[Opening Material for the task section]
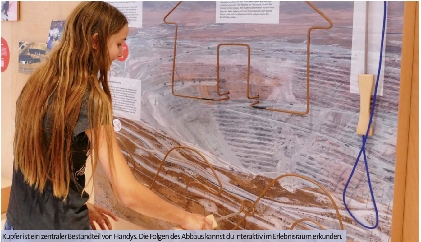
Kupfer ist ein zentraler Bestandteil von Handys. Die Folgen des Abbaus kannst du interaktiv im Erlebnisraum erkunden.
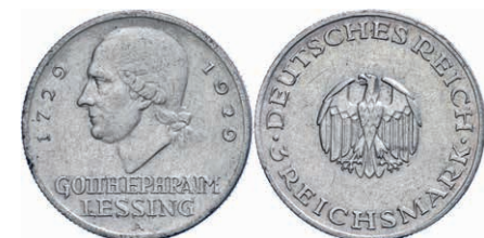
132 3 Reichsmark, 1929, Gotthold Ephraim Lessing, Mzz A, Randfehler, ss. J. 335 Gebot
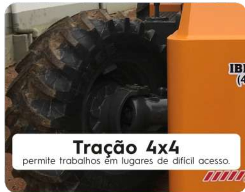
Tração 4x4 permite trabalhos em lugares de difícil acesso.
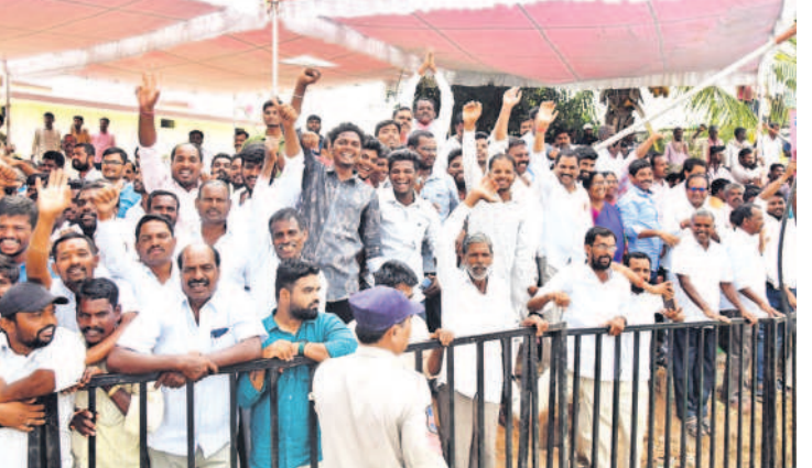
సీఎం కేసీఆర్ ను మాస్తూ కేరింతులు కొడుకున్న యువకులు, కార్యకర్తలు
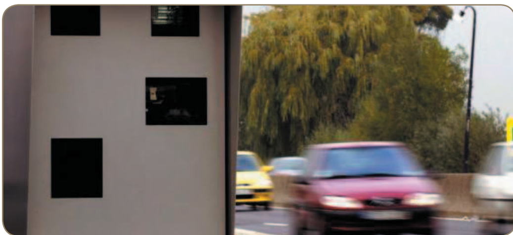
Radars : une vision faussée de la réalité.

Un rapport de police, datant de février 2006, conclut en l'inexactitude des mesures effectuées par les radars fixes et embarqués. Les 350 millions d'euros d'amendes, générés en 2006 par ces détecteurs en France, seraient donc injustifiés.
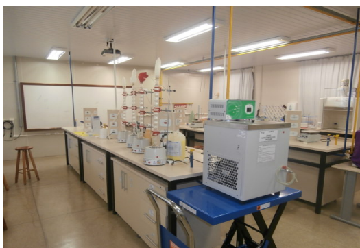
Figura 1. Aparato para a produção de HMF.

de fundo chato de 500 mL juntamente com 15 mL de HCl a 0,50 mol L -1 . O aquecimento do sistema foi realizado empregando uma manta aquecedora (EDULAB, 500 mL), e um condensador Allihn de 600 mm conectado a um sistema de aborbulhamento. A mistura foi aquecida sob refluxo a 85 °C durante 60 min. Adicionaram-se 3,0 g de NaCl e 20 mL de n-butanol, sendo a mistura mantida a 155 °C durante 90 min. A purificação do HMF no meio reacional foi realizada empregando sistema de destilação. Para isto, controlou-se o meio reacional, neutralizando a mistura com uma solução de NaHCO 3 saturada, e MgSO 4 para secagem da fase orgânica. Em seguida, a amostra foi destilada a 115 °C.
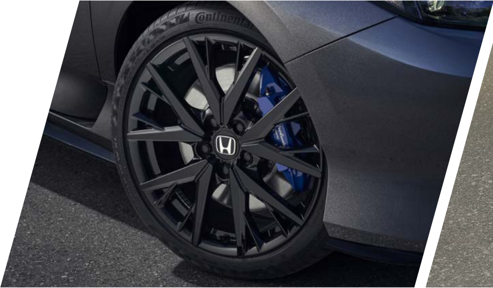
JANTES EN ALLIAGE 19"
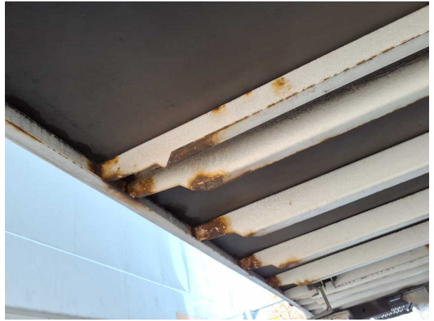
Gebrauchsspur 1: Koffer: Koffer - Korrosion - kein Abzug
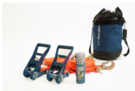
Zurrgurten-Set AK50, 8m im SpanSet Beutel
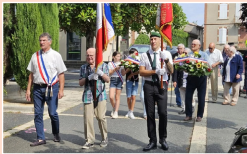
▲ Cérémonie du 14 juillet ▼
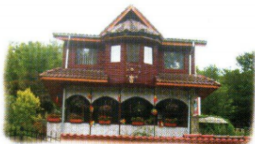
Pensiunea Casa Buzoiană
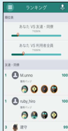
ランキング・バッジ獲得
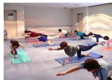
多様な健康教室の実施
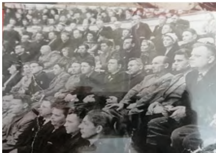
Большекрепинская делегация на 2 Всесоюзном съезде колхозников.
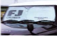
ここからの乗客に直達するサンシェード。トミーカーイラとFJクルーザーのロゴ入りで、お洒落なくブランドアピール。
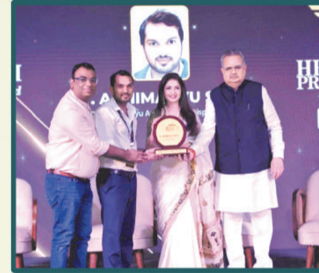
मा. विधान सभा अध्यक्ष एवं पूर्व मुख्यमंत्री- डॉ. रमन सिंह जी द्वारा सम्मानित
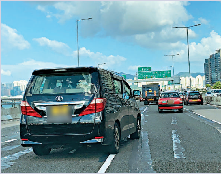
▲大公報記者再實地了解中灣繞道「死亡交叉位」，其間多次被切線車輛阻擋，出現爭路情況，過程險象環生。
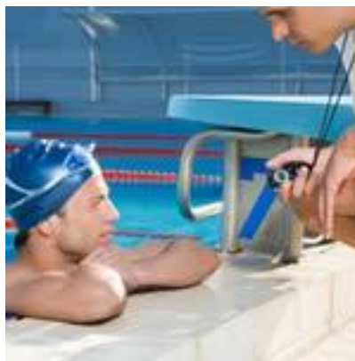
Slika 2. Prikaz mjerenja brzine plivanja na treningu ručnom „štopericom“
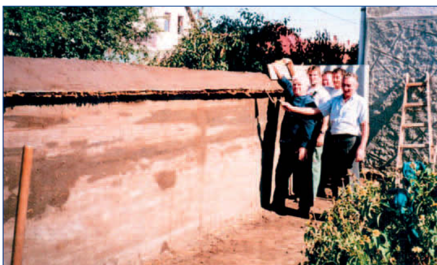
Elkészült a vertfalú kerítés 2000. szeptember 17-én, a munkálatokat Berze László irányította.

A léckerítés építéséhez általában nem hívtak mesterembert, hanem a család tagjai maguk végezték, rokoni, szomszédai segítséggel. Jó alkalma volt ez a közösen végzett
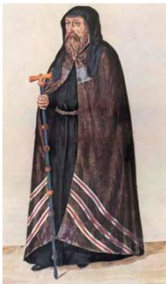
Εικόνα 4 Γεννάδιος Σχολάριος

(1324 – 1398) και ο Φραγκίσκος Φίλελφος (1398-1481) μαθαίνουν λατινικά για να γνωρίσουν την σκέψη των δυτικών λογίων. 20
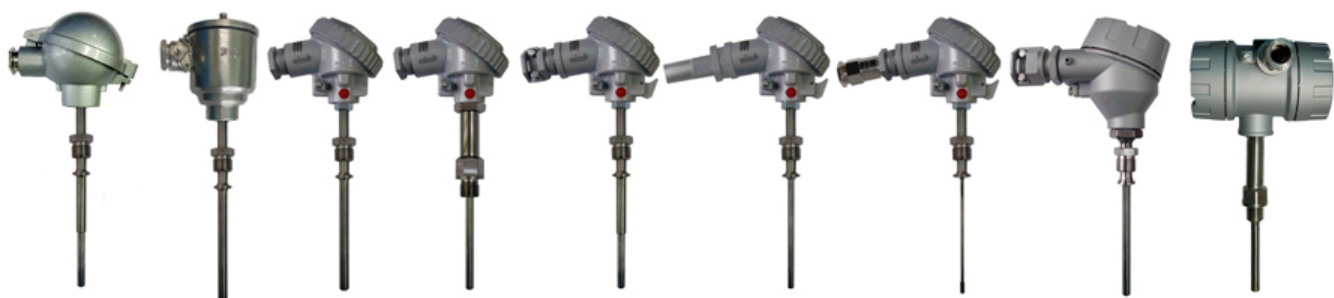
Рисунок 1 – Общий вид погружаемых общепромышленных ППТС/Оп и взрывозащищенных ППТС/Exi, ППТС/Exd, ППТС/Exdi

Фотографии общего вида ППТ представлены на рисунках 1 – 10.
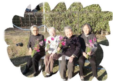
コスモス摘みで記念撮影♥

秋も深まり朝晩の寒さが増してきました。特に11月後半は霜が降りたり急に冬の顔を見せ始めました。そのような中11月は恒例の外食企画など、室内アクティビティを中心にお過ごしいただきました。12月はクリスマス会や年納め餅つき大会などの企画を用意し、皆様の生活機能の維持・向上を目的に各種企画を進めていきたいと思っております。
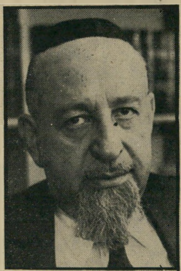
ח"כ"י דשעבר רוזנברג זוכה

מישטרה היפושים בכיתם ומוצאת שם סמים, רכוש גנוב, כל-ינשק ומטבע זר. בבית-המישפט העליון נחלקו הדיעות. השופט יצחק כהן קיבל את טענתו של הסניגור במלואה. תוך הסתמכות על מיש"פכנים אנגליים אמר השופט כי אומנם רשאי בית-המישפט לקבוע לפי עובדות המיקרה, שאדם מחזיק כל מה שנמצא בביתו, אולם לכאורה מייחסים ממצאים כאלה לבעל ולא לאשה וחובה להוכיח את המחשבה הפלילית. לכן קבע השופט כי לא היו ראיות מספיקות במיקרה זה להוכיח כי הבנקוטים היו בחזקתה של רבקה. כדי לחזק את דבריו ציטט השופט סעיף 144 (ב) לחוק העונשין, סעיף זה אומר: "מקום בו נמצא נשק, רואים את מחזיק המקום כמחזיק הנשק. כל עוד לא הוכח היפוכו של דבר." מכיוון שהסעיף המדבר על חזקה סתם ואינו מטיל את הוכחת היפוכו של דבר על הנאשם, למד השופט שהוכחה זו היא על התביעה.
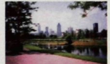
Vue du centre-ville de Montréal du bassin Peel sur le canal.

l'interprétation, offrira aussi une solide formation aux « gens des quartiers limitrophes » qui voudraient devenir guides. Des jeunes du Sud-Ouest, intéressés par la navigation, pourront faire un stage pratique sur le bateau après avoir suivi une formation théorique à l'Institut Maritime du Québec.
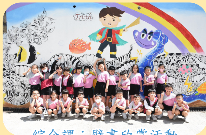
綜合課：壁畫欣賞活動
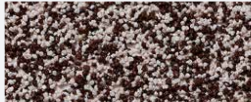
M 306 Parnass
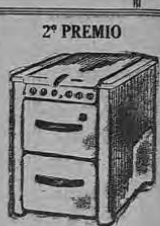
Una cocina alemana "G K A E T Z" de 2 calorificos y horno

Se obsequiará una acción por cada $ 10.00 de compra y de abono a cuenta corriente.
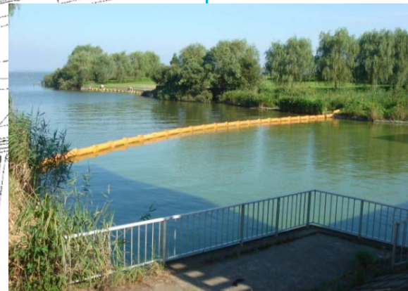
備前川のアオコフェンス状況
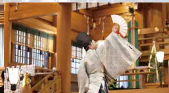
祈年祭並田打舞神事
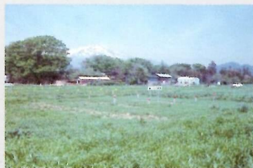
①史跡城輪柵跡全景
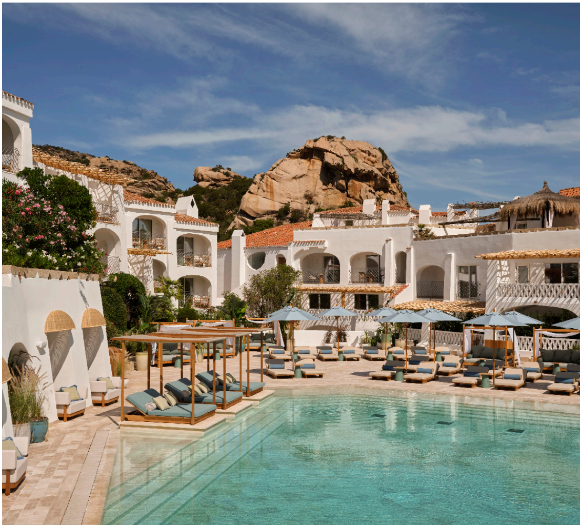
W Sardinia - Poltu Quatu

Per chi preferisce restare a terra, Technogym firma un'ampia area benessere affacciata sul porto, con trainer dedicati e programmi personalizzati. Poco distante, i campi da tennis e padel gestiti da LUX Tennis ospitano lezioni private, programmi di allenamento su misura e clinic di gruppo.
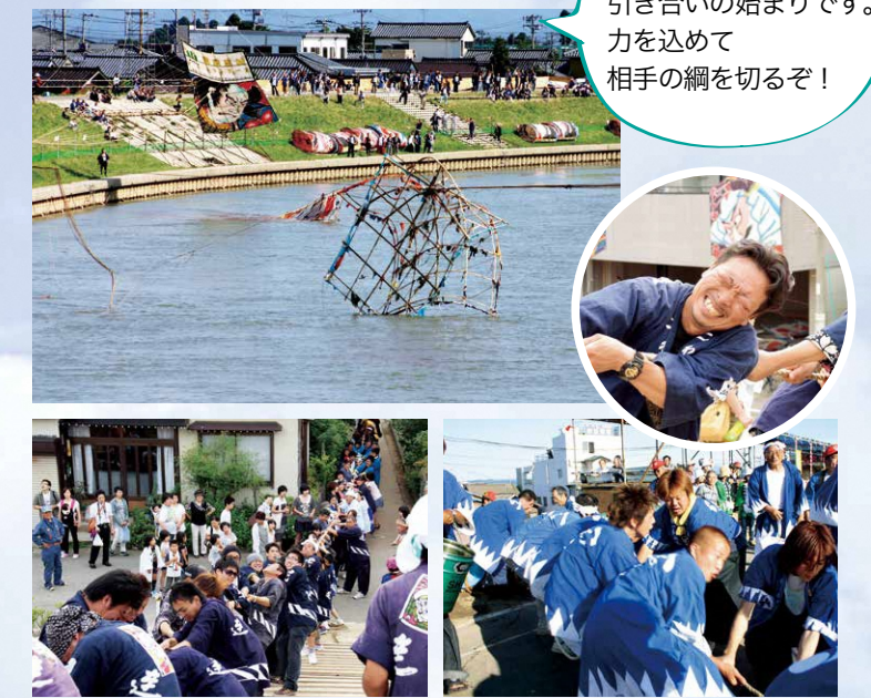
堤防の下まで網を引く行列ができます。
[Closing Material for the task section]
Output exactly, and only, the lines of the entries above from the one with "Radars : une vision faussée de la réalité." up to and including the one with "Figura 1. Aparato para a produção de HMF."; pictures are to be left out.

*Answer to the exercise*
Radars : une vision faussée de la réalité.

Un rapport de police, datant de février 2006, conclut en l'inexactitude des mesures effectuées par les radars fixes et embarqués. Les 350 millions d'euros d'amendes, générés en 2006 par ces détecteurs en France, seraient donc injustifiés.
Figura 1. Aparato para a produção de HMF.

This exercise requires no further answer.